Senators from both sides of the aisle are pressing Mylan (MYL) - Get Report about the steadily rising costs of its lead drug, EpiPen, an emergency medication for those with anaphylaxis, or life-threatening allergies.
Sen. Chuck Grassley (R-Iowa) and Sen. Richard Blumenthal (D-Conn.) wrote letters to the pharmaceutical company, questioning drug price increases while Sen. Amy Klobuchar (D-Minn.) called for a judiciary hearing and an FTC investigation into Mylan Aug. 22.
"In the case of EpiPens, I am concerned that the substantial price increase could limit access to a much-needed medication," Grassley wrote in his letter. "In addition, it could create an unsafe situation for patients as people, untrained in medical procedures, are incentivized to make their own kits from raw materials."
Since the three issued statements, Mylan's share price has taken a hit, falling 4.6% after market's close Monday, to approximately $45.80 per share. The company is now trading at approximately $46 per share.
Mylan's shares have fallen about 40% from a spike they saw in April 2015.
New scrutiny will likely drag the Pittsburgh-based company's shares down even further, as investors fear that public pressure will force the price of the life-saving drug to be cut.
Patients have reported prices as high as $600 for a standard set of two EpiPens. Changes brought on by the passage of the Affordable Care Act have pushed much of the cost burden onto patients, rather than insurance companies. Patients with high-deductible plans created by the ACA find that the medication isn't generally covered.
As with other drugs, Mylan does not set the final price for EpiPens. Much of the cost to patients reflects how much insurance companies and pharmacies add to what Mylan charges them for the drug.
Still, Mylan increased prices for EpiPen 15% in the fourth quarter of 2015, and had done the same during the second quarter of 2016, according to analyst Ronny Gal of Bernstein.
Mylan has pioneered programs to defray at least some of the cost, but for most, it's not enough. One woman with children who have food allergies wrote that her family has relied on credit cards for years to pay for the drug, while another noted that she used the discount card Mylan offers, but that she's looking at other options.
It's important to factor in that EpiPens lose effectiveness after one year, or on exposure to extreme temperatures.

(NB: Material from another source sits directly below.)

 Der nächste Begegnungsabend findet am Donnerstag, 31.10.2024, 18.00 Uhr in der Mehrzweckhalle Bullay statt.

Even if the EpiPens go unused, patients must replace the emergency medication at least once a year, and sometimes even more often than that.
"We are proud of the programs which we have implemented over the past several years to help support access to treatment, including our My EpiPen Savings Card, a patient assistance program, and the EpiPen4Schools program which provides free EpiPen (epinephrine injection, USP) Auto-Injectors to U.S. schools," the company wrote in a statement released Aug. 22 in response to the senators' questioning.
Part of the reason Mylan has been able to keep boosting prices is a lack of competition in the marketplace.
Sanofi (SFY) - Get Report manufactured an EpiPen alternative, called Auvi-Q, that was flatter and more portable than Mylan's product, which took between 10% and 15% of the market for the drug, forcing Mylan to hold prices down.
In late 2015, however, Sanofi recalled all Auvi-Q injectors following information that they released too much epinephrine. Gal said the company has not indicated that it will try to revamp the Auvi-Q.
Twinject, another viable Epipen competitor, was discontinued by its manufacturer, Shionogi Pharma, in 2012.
A private company, Amedra, still manufactures a generic called Adrenaclick, though patients say it isn't much cheaper, and doctors don't often prescribe it because of its lack of name recognition.
Teva Pharmaceuticals (TEVA) - Get Report and Adamis Pharmaceuticals (ADMP) - Get Report are both developing generic alternatives to the drug, but neither have received approval from the FDA to begin selling.
Mylan could not be reached for further comment on its pricing. The company has a market cap of $24.63 billion as of Aug. 23.